Neste momento deverão indicar o ficheiro que descarregaram no Passo 2. Este ficheiro, em formato bin, irá modificar o firmware do vosso NSLU2 por isso após a actualização estar concluída não terão mais acesso à consola de gestão da Linksys pois acabaram de instar um novo sistema operativo: OpeNSLU2G, ligeiramente modificado pelo autor do Meteohub. A actualização demora aproximadamente 5 minutos a terminar. No fim da actualização irão ouvir uma serie de bips enquanto o NSLU2 se reinicializa
NOTA IMPORTANTE: Este é provavelmente o passo mais crucial de todo o processo. Devem garantir que não há quebra de ligação na rede nem cortes de energia durante esta actualização. Com qualquer falha neste passo poderão ficar com o vosso NSLU2 inoperacional.

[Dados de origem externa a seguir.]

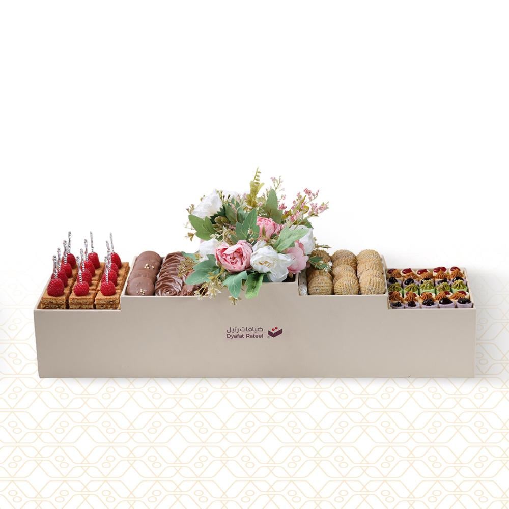 اكتشفوا لذة بوكس الفخامة ( صينية مدرجة كيكة العسل + شوكولاتة + معمول + تايني تشيز كيك ) المختار بعناية ليكون نجمة ضيافاتكم في هذه المناسبة السعيدة 🍰💖 مع جودة لا تضاهى وطعم يُلامس القلوب، دعوا عائلتكم وأحبّاءكم يستمتعون بأجمل اللحظات الحلوة 🌟🥳✨
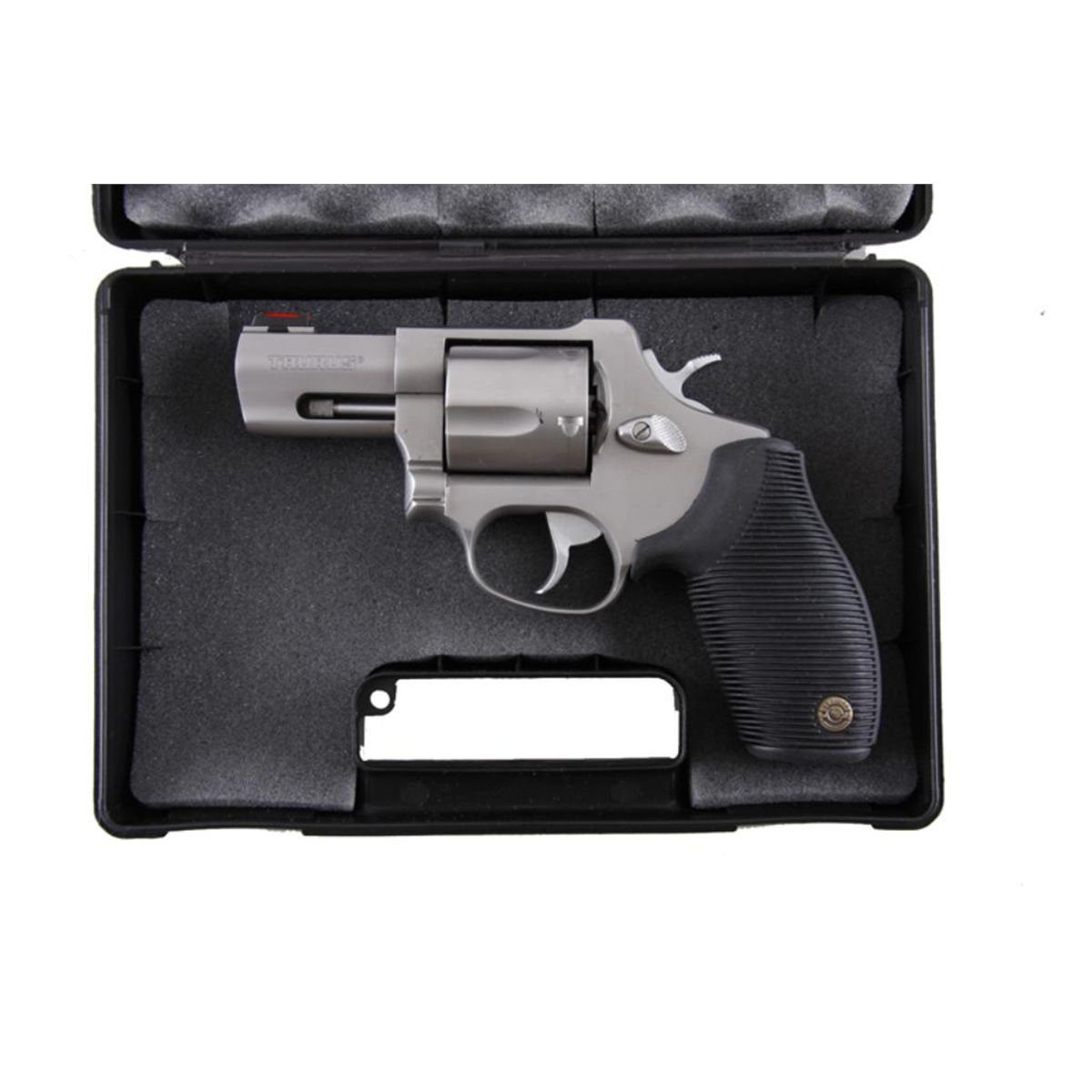 Taurus Mdl 44 Tracker Cal .44mag SN:BM576286 Double action 5 shot revolver. Matte stainless steel finish, black ribbed rubber grips, 2 1/2" full lug barrel with fixed high-vis sights, gun lock in the hammer, good bore and action. Included in black plastDouble action 5 shot revolver. Matte stainless steel finish, black ribbed rubber grips, 2 1/2" full lug barrel with fixed high-vis sights, gun lock in the hammer, good bore and action. Included in black plasticcarry case with gun lock key and instructions. Condition: Excellent with little use. 'NOT CALIFORNIA LEGAL"
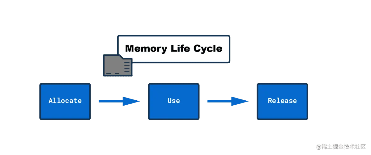 就像人有生老病死,内存也有对应的生命周期。每当赋值变量或者创建函数,内存都会经历如下的过程:
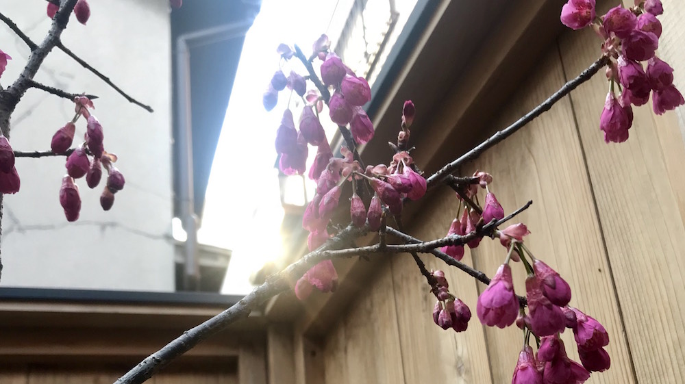 初めて事務所を訪れた際に、散り際を迎えていた白梅にかわり、今日は寒緋桜が花を開いていました。

*Passo 4* - Cópia e extracção da programa NLSU para a Pen de 2GB. Neste passo o NSLU2 já com o novo firmware irá extrair e copiar automaticamente o ficheiro que descarregaram no ponto 1). Para isso devem:
  a) copiar para a PEN Temporária, ou seja, a que irão utilizar temporariamente só durante a instalação, o ficheiro RAR descarregado no ponto 1. 
	b) desligar o NLSU carregando no botão de desligar e remover tudo o que tenham ligado ao NSLU2
	c) Ligar a Pen Temporária a uma das ranhuras USB do NSLU2
	d) Ligar o NSLU2, esperar cerca de 20 segundos até que as luzes amarelas dos LEDs desapareçam. Quando a LED "Disk 2" começar a piscar lentamente devem colocar o Pen de 2GB. Se após colocar a PEN de 2GB a Led "Disk 2" começar a piscar rapidamente é bom sinal, pois significa que o NSLU2 está a efectuar a cópia da Pen Temporária para a Pen de 2GB. O processo de cópia deverá demorar cerca de 20 minutos por isso está na altura de ir tomar um café 
Mais uma vez recordo que isto não é uma vulgar cópia como fazemos no Windows só este método funciona. 
Assim que a cópia terminar o NSLU2 desliga-se automaticamente.

Nota: Existe outro método que não é muito aconselhado para quem não está habituado a trabalhar na linha de comandos do Windows e não tenha alguma prática em interagir com programas que correm em linha de comandos. Podem ver no manual do Meteohub na secção 1.3 ponto 2, pág 9 como se pode fazer a cópia desta maneira alternativa.

*Passo 5* - Podem agora colocar a PEN de 2GB na ranhura USB que diz "Disk 1", ligar o adaptador USB-Série à ranhura USB que diz "Disk 2" e conectar o adaptador ao cabo série que liga à estação (para quem tem estação com ligação USB é só ligar directamente à ranhura USB que diz "Disk 2"). 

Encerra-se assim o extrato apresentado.